De cara, para a abertura, trouxe o novo longa
de Breno Silveira, diretor de "2 filhos de Francisco" (2005), que foi
visto por 5,3 milhões de espectadores. Estrelado por João Miguel, "À beira
do caminho", embalado por canções de Roberto Carlos, narra a luta de um
caminhoneiro para lidar com perdas afetivas.
— Rodado em 2010, esse filme ficou preso
comigo por muito tempo. Nunca o vi com mais de duas pessoas.

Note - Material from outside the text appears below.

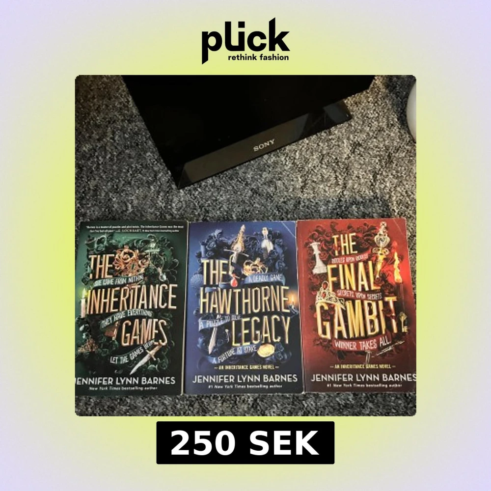 Säljer en spännande boktrilogi av Jennifer Lynn Barnes: 'The Inheritance Games', 'The Hawthorne Legacy' och 'The Final Gambit'. Perfekt för dig som gillar mysterier och intriger. Böckerna har färgglada omslag med detaljerade illustrationer som fångar ögat. En riktig bladvändare för alla bokälskare! Alla på engelska och lästa en gång. 250 för alla tre

Optei pelo Cine PE
porque lá posso ter uma troca com um público enorme (o Teatro Guararapes comporta
até 2,4 mil pessoas ) — diz Silveira.
"À beira do caminho" disputa o
Troféu Calunga com mais seis filmes, incluindo outra aposta dos exibidores:
amanhã, será mostrado, em concurso, "Paraísos artificiais", dirigido
por Marcos Prado e produzido por José Padilha, parceiros nos dois "Tropa
de elite". No sábado, Olinda vai dar uma espiadinha no documentário que
Pedro Bial dirigiu a quatro mãos com Heitor D’Alincourt: "Jorge Mautner —
O filho do Holocausto". Já o domingo terá clima de policial noir dos anos
1940, com "Boca", do paulista Flávio Frederico, elogiado na
Inglaterra por seu clima de filme de gângster.
Na segunda-feira, a literatura
infanto-juvenil best-seller de Lygia Bojunga ganha as telas em "Corda
bamba — História de uma menina equilibrista", de Eduardo Goldenstein. Para
o feriado de 1 de maio, foram selecionados dois pernambucanos: "Na
quadrada das águas perdidas", um monólogo de Wagner Miranda e Marcos
Carvalho, com Matheus Nachtergaele em cena; e o documentário "Estradeiros",
de Renata Pinheiro e Sérgio Oliveira. No dia 2, serão anunciados os ganhadores.
— Paulínia começou forte e fez uma história
bonita, mas, com sua força econômica, amarrava parte da produção nacional — diz
Bertini. — Para os festivais do primeiro semestre, era difícil conseguir certos
filmes que, por terem sido produzidos com o aporte da cidade, tinham
compromisso de estrear lá. Desde 2011 eu tinha que negociar filmes com eles.
Neste ano, ele tentava negociar a exibição de
"Totalmente inocentes" e "A cadeira do pai", entre outros:
— Nem tive resposta. Sinal dos problemas que
causaram essa lamentável suspensão.
Bertini lembra que festivais organizados por
órgãos públicos são sempre suscetíveis a questões políticas.
— Eventos como o Cine PE, o Cine Ceará e o
Festival do Rio têm uma constituição que parte de empresas privadas, o que nos
garante maior independência e, por consequência, estabilidade — diz. — Até dia
2, o que a gente quer é celebrar a pluralidade do cinema, como grandes
festivais, incluindo o de Paulínia, sempre lutaram para fazer.